The Brookings Doha Center (BDC) in partnership with Al Jazeera Center for Studies and the Ibn Khaldon Center for Humanities and Social Sciences held a panel discussion on September 11th, 2019 about the recent developments in Yemen. The panelists focused on the events that have taken place over the past five years, discussing the roles of various Yemeni and international actors.
The panel consisted of a group of distinguished scholars and experts, including: Yaser Al-Yamani, leader of the General People’s Congress in Yemen; Mohammed Al-Bukhaiti, a member of the political wing of Ansar Allah; Bakeel Al-Zandani, head of the Department of International Affairs at Qatar University; and Said Thabit, Al Jazeera Bureau Chief in Yemen. Hamdi Al-Bokari, the Al Jazeera correspondent in Yemen, moderated the event. Members of Doha’s diplomatic, academic, and media communities attended the event.
Yaser Al-Yamani began the discussion with an overview of what has been happening in Yemen over the past five years. He argued that Saudi Arabia and the United Arab Emirates (UAE) have not shown any credibility during this period because, while they claimed to be working to restore legitimacy in Yemen, their actions contradicted this objective. He touched on the “coup” in Aden, attacks on government forces, the prevention of the president and government from returning to Yemen, and the formation of armed militias by the UAE. Al-Yamani also discussed the UAE’s expansion, as well as its efforts to take control of airports, ports, oil and gas sites, and Socotra. Al-Yamani said that Saudi Arabia and the UAE have been working to take Yemen’s wealth, to divide the north from the south, and to fragment the state into militias.
Mohammed Al-Bukhaiti continued the discussion by saying that international aggression toward Yemen is intended to take away Yemen’s sovereignty. He argued that the coalition forces support the Yemeni government because it consults with Saudi Arabia, the UAE, and the United States on every decision. As such, he claimed that the return of the government would prevent Yemen from achieving its interests. Al-Bukhaiti claimed that the 2014 revolution was a revolution against the interference of the United States and other external powers in Yemeni decision-making.

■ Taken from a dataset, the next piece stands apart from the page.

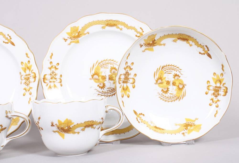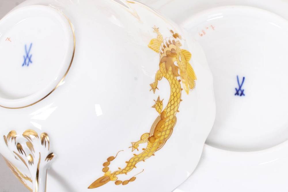 Paar Gedecke, Meissen, Form "Neuer Ausschnitt", Dekor "reicher gelber Hofdrache", 20.Jh.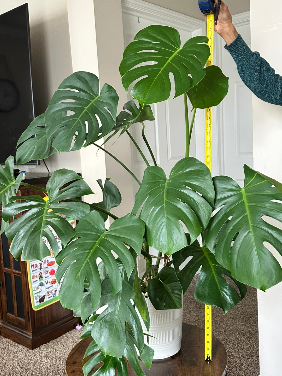 This is a large, established Monstera Deliciosa houseplant. It's in a white decorative pot. The plant stands approximately 4 feet tall. It's a beautiful statement piece for any room!

He said that Yemen reclaimed its independence in 2014, adding that the Peace and National Partnership Agreement signed in 2014 did not give Ansar Allah any special privileges but that the failure to implement the agreement led to the outbreak of the current war. He accused Ansar Allah’s opponents of being responsible for not implementing the agreement and concluded that way to solve the conflict is through a return to dialogue.
Bakeel Al-Zandani began his speech by discussing the beginning of the crisis in Yemen. He explained that the problem started when the Yemenis began to rely on external actors, which sought to achieve their own interests, without taking Yemen’s interests into consideration. Historically, Yemen has drawn interest from major powers due to its distinctive geography, islands, ports, climate, population density, and resources. Al-Zandani claimed that it is well-known that the larger, stronger Middle Eastern countries are trying to expand at the expense of smaller, weaker states, while these same larger powers are instrumentalized by international decisionmakers.
Said Thabit pointed out that what has been taking place in Yemen is a re-delineation of the geopolitical map, adding that the same thing has been happening in countries like Syria and Iraq. Thabit said that Yemeni youth started a revolution that led to the Comprehensive National Dialogue Conference, in which all Yemeni parties, including the Houthis, participated and agreed on outcomes. He added that regional and international forces soon intervened, supporting the Houthi coup. According to Thabit, Operation Decisive Storm was a means to divide and re-delineate the geopolitical map of Yemen, as indicated by the field operations that were carried out. He also said that Iran, Saudi Arabia, and the UAE are partners in the partition process, adding that the crisis in Yemen is highly intricate and involves many different actors. He concluded by saying that Yemen will not return to what it was and that the southern regions will not accept Houthi rule.
The subsequent question and answer session focused on the future of Yemen and possible ways to resolve the crisis, as well as the role of the Yemeni government. Al-Yamani mentioned that President Abd-Rabbu Mansour Hadi is in Saudi custody and refused to lease Socotra, ports, or airports to the UAE, which then formed armed militias to fight the Yemeni government. Al-Bukhaiti said that Ansar Allah was prompted to start the coup when it was excluded, along with the Southern Movement and the revolutionary youth, by other parties during the National Dialogue Conference. When discussing the future, Al-Zandani said that the only option is to sit down and hold a dialogue among Yemenis, without relying on any regional or external support. Thabit added that there is a need to restart a discussion on the outcomes of the previous dialogue, rather than starting a new one.